1. Ich bin mir nicht sicher, dass man aus gescheiterten Finanzierungen von Investitionsprojekten zwingend auf die Schaffung von Überkapazitäten schließen kann.
Im 19. Jahrhundert gingen zahllose Eisenbahngesellschaften pleite. Die Eisenbahn wurde trotzdem zum Erfolgsmodell, weil es einen langfristigen Bedarf hierfür gab. Die von in Konkurs gegangenen Gesellschaften geschaffenen Schienenstränge wurden häufig von Nachfolgegesellschafen mit Erfolg betrieben. Es war ja nicht so, dass als Ergebnis der Pleiten überall jahrzehntelang unbetriebene Gleisanlagen in der Landschaft vermoderten oder die von den Pleite gegangenen Gesellschaften angeschafften Lokomotiven allesamt verschrottet werden mussten.
Nicht jedes Haus, dessen Finanzierung in der jüngsten Krise scheiterte, wird für immer unbewohnt bleiben. Nach der französischen Krise am Gewerbeimmobilienmarkt in den neunziger Jahren wurden leerstehende Bürogebäude in Wohnungen umgebaut, für die es Nachfrage gab.
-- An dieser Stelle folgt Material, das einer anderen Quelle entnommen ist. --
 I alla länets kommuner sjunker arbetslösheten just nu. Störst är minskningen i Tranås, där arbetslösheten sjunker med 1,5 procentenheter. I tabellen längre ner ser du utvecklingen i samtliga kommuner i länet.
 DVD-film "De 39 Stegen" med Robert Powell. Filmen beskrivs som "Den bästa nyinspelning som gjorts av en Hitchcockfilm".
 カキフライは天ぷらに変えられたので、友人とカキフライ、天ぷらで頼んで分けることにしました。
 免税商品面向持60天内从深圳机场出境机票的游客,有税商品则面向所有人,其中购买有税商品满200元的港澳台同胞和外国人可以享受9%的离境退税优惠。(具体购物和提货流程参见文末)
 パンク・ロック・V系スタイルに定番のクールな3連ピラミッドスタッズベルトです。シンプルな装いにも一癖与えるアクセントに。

Ich bin mir auch nicht sicher, wo vor der jüngsten Krise die gewaltigen Fehlinvestitionen im Bankgewerbe waren. Die wichtigsten Sachinvestitionen der Banken waren in der IT: Die wird aber jetzt nicht verschrottet, sondern ist für vielerlei Geschäftszwecke verwendbar. Mag auch der Handel mit CDOs nicht mehr brummen, so brummt der Handel in anderen Bereichen, wie die gewaltigen Handelsgewinne der Investmentbanken belegen. Lehman Brothers ist untergegangen, aber das Amerikageschäft wurde von Barclays übernommen und anderes Geschäft von Nomura, die vorhandenes Sach- und Humankapital nutzen. Barclays hat für das Lehman-Geschäft weniger gezahlt als den Wert des Büroturms in Manhattan. Deswegen ist das, was sie übernommen haben, nicht automatisch kaum etwas wert.
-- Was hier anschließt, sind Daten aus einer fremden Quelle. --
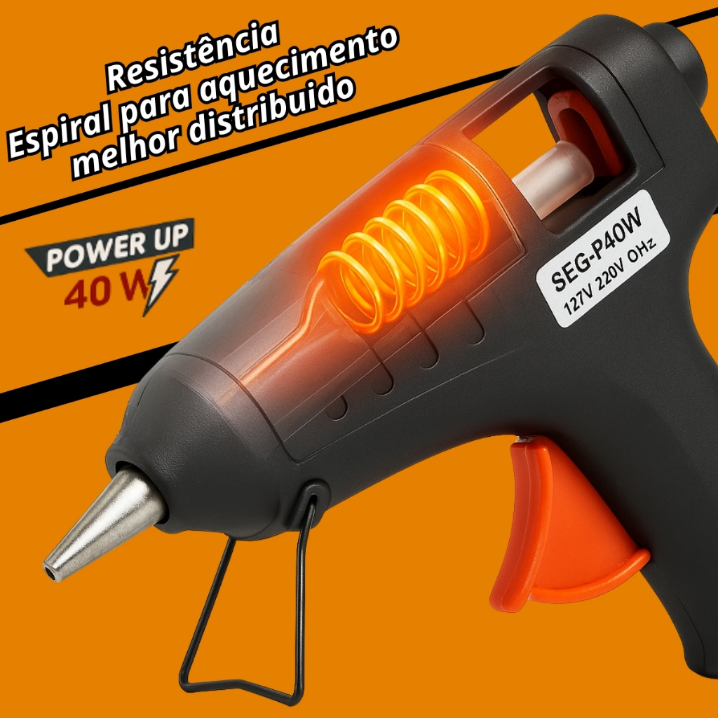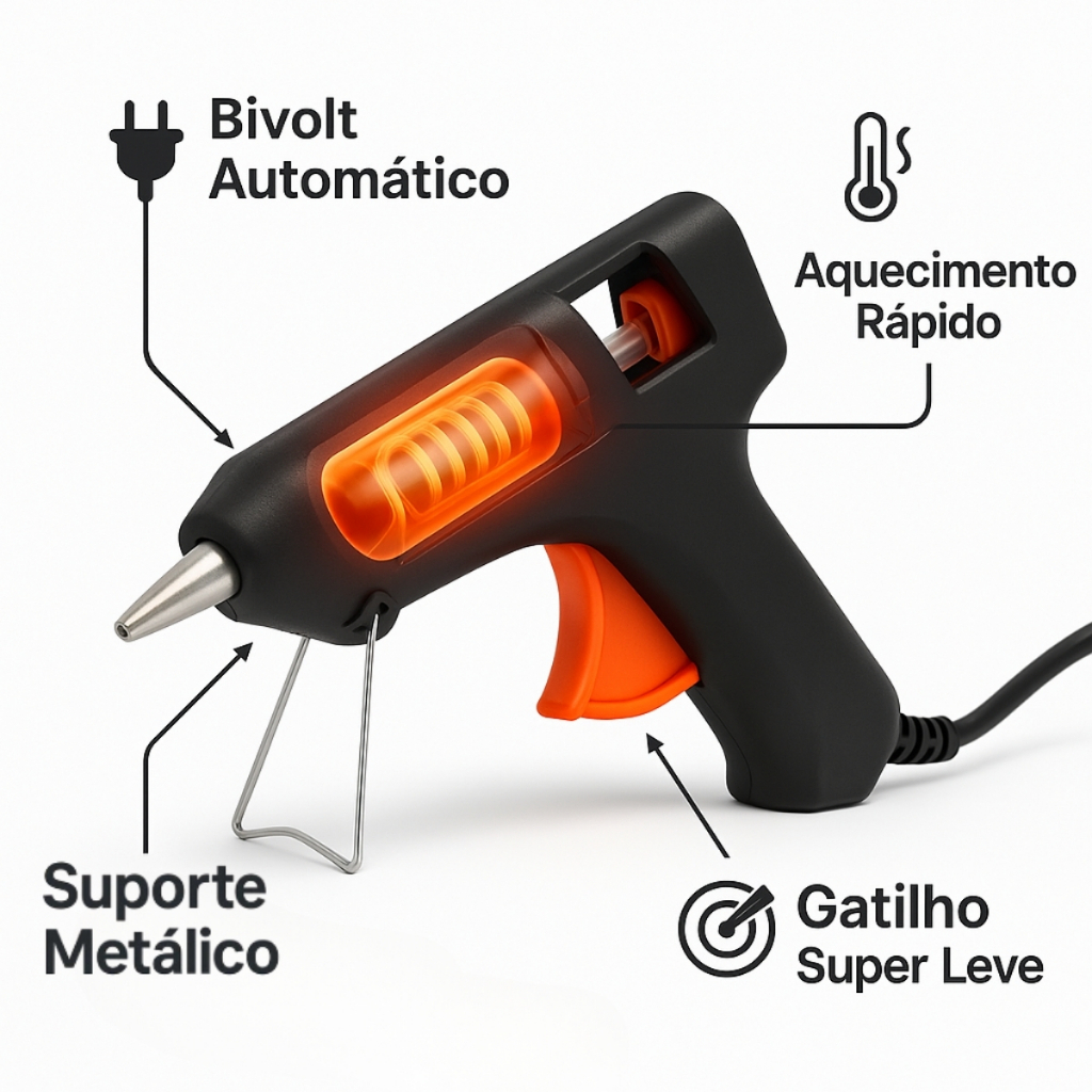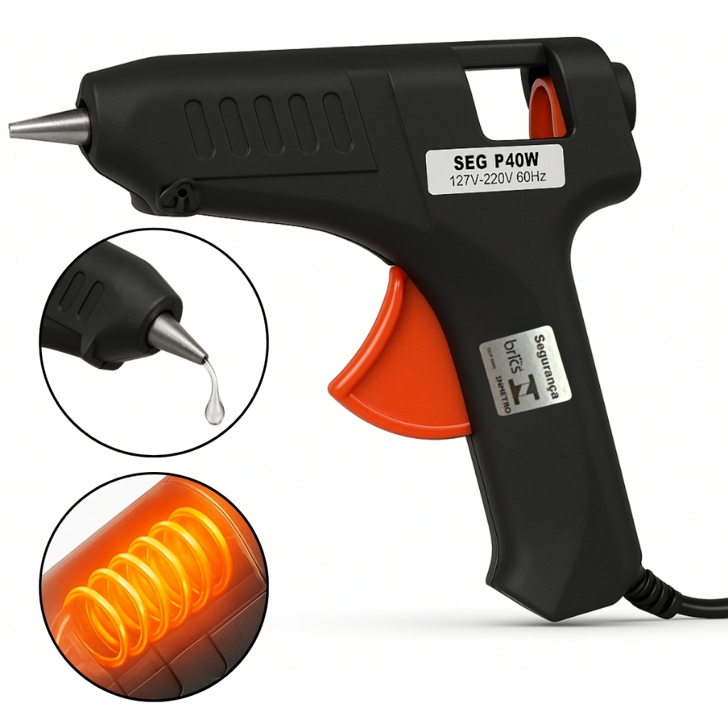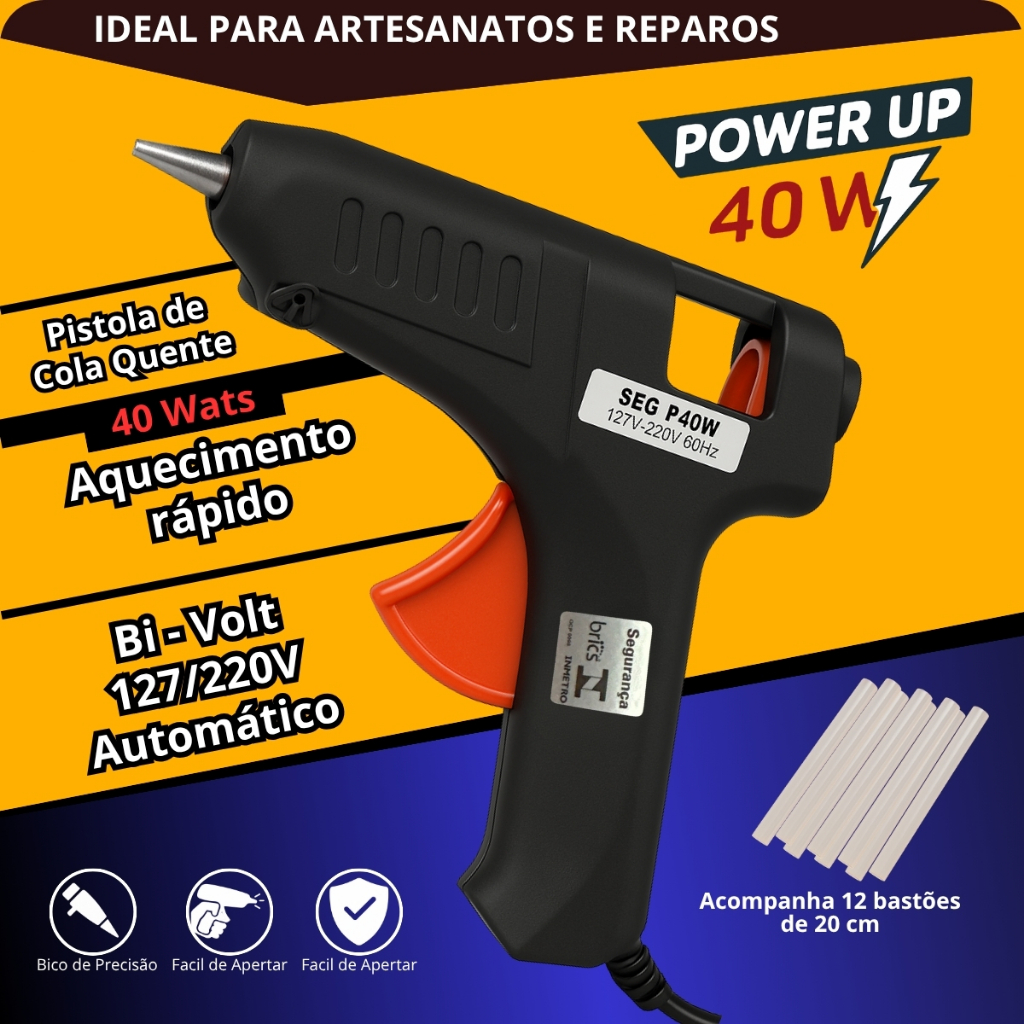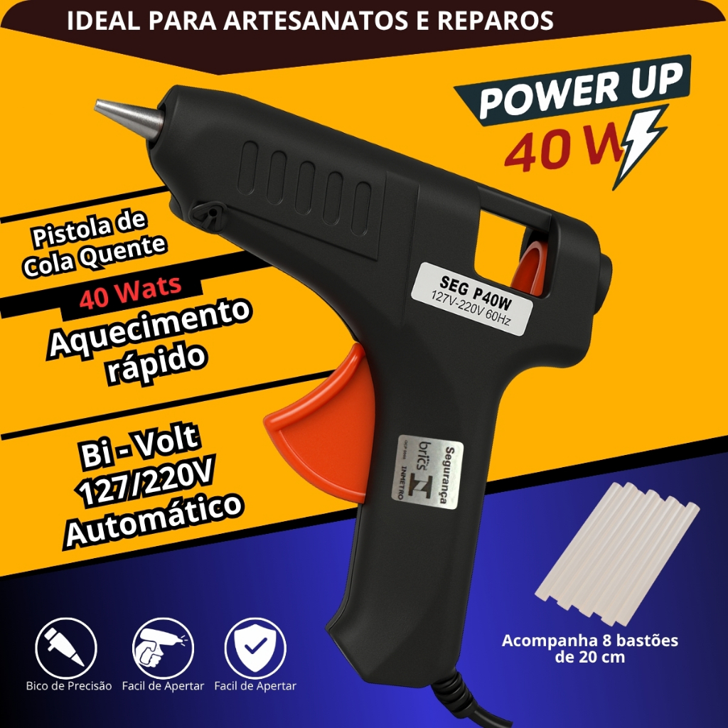 Pistola Cola Quente Grande 40W Bivolt Automático 127/220V Alta Potência Aquecimento Rápido Profissional

Die Überkapazitäten im Automobilbau sind kein Ergebnis der vergangenen Jahre, sondern seit Jahrzehnten bekannt. Es sind in Europa in den vergangenen Jahren auch kaum mehr neue Werke gebaut worden.
Ich bestreite nicht, dass niedrige Zinsen die Bildung von Überkapazitäten und Fehllenkungen von Ressourcen erleichtern. Es mag sie auch hier und da geben. Aber die Zusammenhänge sind nicht so einfach, wie sie oben geschildert wurden. Real- und Humankapital, das jetzt abgeschrieben wurde, hat langfristig nicht notwendigerweise einen Wert von Null. Nicht jeder entlassene Investmentbanker wird Blumen züchten müssen; es werden viele wieder einen Job in der Branche finden (und tun es bereits wieder).
2. In der Wirtschaftspraxis tätige Ökonomen wie Michael Heise (Allianz) oder Jörg Krämer (Commerzbank) und noch ein paar andere, die ich kenne, würden den Konjunkturprogrammen nach meiner bescheidenen Kenntnis einen nicht unwesentlichen positiven Ankündigungseffekt beimessen, der zur Verbesserung der Stimmung in der Wirtschaft führte und damit zu dem Aufschwung seit dem Frühjahr beitrug. Ich kann aus ziemlich vielen Gesprächen mit Bankern, institutionellen Investoren und Unternehmen diesen Eindruck bestätigen. Man muss wissen, wann man Keynesianer sein muss (so wie man auch wissen muss, wann man kein Keynesianer sein darf).
3. Dass man mit Makropolitik keine Strukturprobleme löst, ist unbestritten. Aber es ist nicht immer einfach, Konjunktur- und Strukturprobleme klar voneinander zu unterscheiden. In den neunziger Jahren wurde die strukturelle Arbeitslosigkeit in Frankreich von Experten grob überschätzt, wie man im Nachhinein lernte. Ein paar Jahr Wirtschaftswachstum in den späten neunziger Jahren trugen dazu bei, die Arbeitslosenquote unter die angeblich strukturell bedingte Quote zu drücken, ohne dass die Wirtschaft auch nur annähernd heißgelaufen wäre.
In dem Gastkommentar „Der Weg zu Wohlstand und stabilen Märkten ist steil“ für das Handelsblatt vom 8. Dezember 2009 hat sich Edmund Phelps dafür ausgesprochen, den Strukturwandel nicht zu behindern. Dieser Weg sei notwendig, um möglichst schnell der Krise zu entkommen.